Dette - How are you doing? :hugs:


----------



## Mrs W 11

Ooh highlight of the trip, good question! I think the lovely infinity pool at the resort, it was so lovely swimming each day with Freya in the sunshine and it was so quiet. We had a lovely time though, nice meals, loads of wine no cheese! Paying for it this week by being good! 

Well they usually induce you between 12 and 14 days overdue here. I was booked in for induction at 13 days overdue but got sent home as labour ward was full with ladies in labour. I went back on 14 days over and was induced that night. It took 12 hours to go into labour so it was then 15 days over. I was then in labour for 24 hours so that got me to 16 days late! Mad. Worth every minute of the wait though! 

Ooh not long until your last week at work! It's a lovely feeling once you have finished! I don't blame you keeping the name as a surprise, can't wait to hear what you've called her! Making the big announcement after the birth is so so exciting, you'll love watching all the messages of congratulations pouring in! I felt so proud and excited when we took her home and took her for her first walk in the pram. 

The wedding is about an hour away and my in laws have a holiday home there so we have a place to stay. It should be good although a rush for me as work have refused me the day off before the wedding as we are so busy.


----------



## detterose

So sorry for the late reply ladies. Been a bit of a wreck and taking some time off from here.

Thats really awesome news about the new job Lit! That will be so much better for you all. I am sure he will fly through the training! I am sure it will initially be tough with a new baby but there are so many people who manage studying and raising a family :flower:

You are getting so close to the end now! Not long til you get to hold your rainbow baby in your arms. How is your friends baby doing? 

In regards to seeing a rheumatologist, I had a high RH factor but it was still within considered normal range and there is a medication that rheumatologist prescribe for people like me which seems to have good affect, so I am hoping I get in to see one soon. They also are specialised in autoimmune disease and i think their main concern is I am in early stages of developing another. Yay :cry:

Its nice to see you back Mrs W, did you have a nice holiday? Sorry to hear you havent been well :hugs: I know how you feel about needing to take time off BnB. Where abouts in this cycle are you? Waiting for ov or DPO?

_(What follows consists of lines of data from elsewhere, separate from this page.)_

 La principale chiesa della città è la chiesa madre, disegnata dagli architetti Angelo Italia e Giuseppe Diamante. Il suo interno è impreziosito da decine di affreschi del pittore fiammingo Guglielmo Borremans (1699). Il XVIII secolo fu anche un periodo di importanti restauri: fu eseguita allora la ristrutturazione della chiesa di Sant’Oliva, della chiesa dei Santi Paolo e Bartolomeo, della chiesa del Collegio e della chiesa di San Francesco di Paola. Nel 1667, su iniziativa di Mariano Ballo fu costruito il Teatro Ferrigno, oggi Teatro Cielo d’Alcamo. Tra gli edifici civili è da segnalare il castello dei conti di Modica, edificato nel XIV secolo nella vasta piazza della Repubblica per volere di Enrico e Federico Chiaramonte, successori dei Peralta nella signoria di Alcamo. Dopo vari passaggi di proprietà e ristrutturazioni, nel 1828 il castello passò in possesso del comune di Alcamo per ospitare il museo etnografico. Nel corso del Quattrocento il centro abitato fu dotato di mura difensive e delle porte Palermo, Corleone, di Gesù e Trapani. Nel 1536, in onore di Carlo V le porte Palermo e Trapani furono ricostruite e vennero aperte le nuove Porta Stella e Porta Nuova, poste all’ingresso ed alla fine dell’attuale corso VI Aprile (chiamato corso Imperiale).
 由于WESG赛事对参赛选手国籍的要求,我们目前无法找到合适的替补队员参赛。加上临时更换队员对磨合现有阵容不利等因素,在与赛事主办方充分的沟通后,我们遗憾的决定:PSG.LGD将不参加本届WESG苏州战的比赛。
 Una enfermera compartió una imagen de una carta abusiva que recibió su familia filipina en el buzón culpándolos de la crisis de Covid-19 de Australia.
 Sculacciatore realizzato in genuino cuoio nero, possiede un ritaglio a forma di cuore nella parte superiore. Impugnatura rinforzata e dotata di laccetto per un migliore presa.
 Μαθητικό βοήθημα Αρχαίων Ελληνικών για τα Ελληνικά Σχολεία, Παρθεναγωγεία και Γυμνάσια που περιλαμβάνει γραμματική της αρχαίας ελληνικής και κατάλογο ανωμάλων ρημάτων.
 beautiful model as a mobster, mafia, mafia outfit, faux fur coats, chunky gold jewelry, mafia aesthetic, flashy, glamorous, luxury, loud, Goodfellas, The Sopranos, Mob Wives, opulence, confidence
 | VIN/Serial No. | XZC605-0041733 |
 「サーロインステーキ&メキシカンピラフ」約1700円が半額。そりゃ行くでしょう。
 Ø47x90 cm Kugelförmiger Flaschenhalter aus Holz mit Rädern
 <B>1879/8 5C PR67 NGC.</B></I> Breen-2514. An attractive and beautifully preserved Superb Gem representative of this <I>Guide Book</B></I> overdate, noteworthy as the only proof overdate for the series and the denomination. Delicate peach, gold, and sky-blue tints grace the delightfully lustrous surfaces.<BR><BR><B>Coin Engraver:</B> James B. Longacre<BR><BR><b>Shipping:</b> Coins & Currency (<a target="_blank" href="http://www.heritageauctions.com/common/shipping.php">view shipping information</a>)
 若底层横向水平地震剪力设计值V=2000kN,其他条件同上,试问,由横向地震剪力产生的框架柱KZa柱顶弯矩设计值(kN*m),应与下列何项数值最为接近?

Omg! 16 days over. I would have died! :haha: You are a very patient woman.

Hunter is well. Typical toddler though! Its been an exhausting couple of months since these tantrums started... Its almost as if he is a completely different kid. Hitting,mscratching, throwing himself on the floor... :nope: 

Oh Hunter loves that show too! I bet she had a blast. We had Peppa Pig here not too long ago but I was working so couldnt take Hunter.

Oh another wedding, how lovely! I bet that will be really nice for you all. Are you taking Freya?

Hope you ladies are well xx


----------



## detterose

How is everyone going? Hope you are both well. X


----------



## Literati_Love

Hello! Sorry I disappeared for a while. Life got insane and when I don't reply for a while this thread for some reason disappears from my subscription list. 

Mrs W - Wow, that infinity pool sounds just lovely! I'm glad you had such a good time although I'm sure by now your holiday feels like a distant memory. 

Eek, I can see how the time added up to you being 16 days overdue! That is intense though. I hope that doesn't happen to me. Did your body give any signs of labour in the weeks before your due date (losing your mucous plug, dilation, effacement, engagement, cramping, etc.)? 

I'm happy to say I'm on my second last day of work right now! I can't wait to be done, although it feels surreal that I won't be back for an entire year (but I'm so thrilled about that fact)! I agree that making the big announcement will be so exciting! I know I'll be the same feeling so proud taking my baby out for the first time! I'm already such a proud mama! :)

That's too bad you couldn't get time off before the wedding! That always makes things tricky. I hope work settles down soon as it sounds stressful. 

Dette - Thanks! He started his job on Monday and so far things are going well but are a bit overwhelming/confusing/disorganized and a lot is expected of him. I do think he will succeed though and the hard part will just be getting over this initial learning curve. 

My friend's baby is doing great. I was at her baby shower this past weekend! She looks amazing and her baby is thriving and doing well although they had some latching issues in the beginning so he hasn't gained much weight yet. 

Wow, that is scary that you may be developing another autoimmune disease and that your RH factor was high. That does not sound fun but I'm glad you're in good hands and that they're actually looking into this and not dismissing it. 

That sounds very difficult about Hunter having so many tantrums! That would be so hard to deal with. I hope he grows out of that phase QUICKLY. 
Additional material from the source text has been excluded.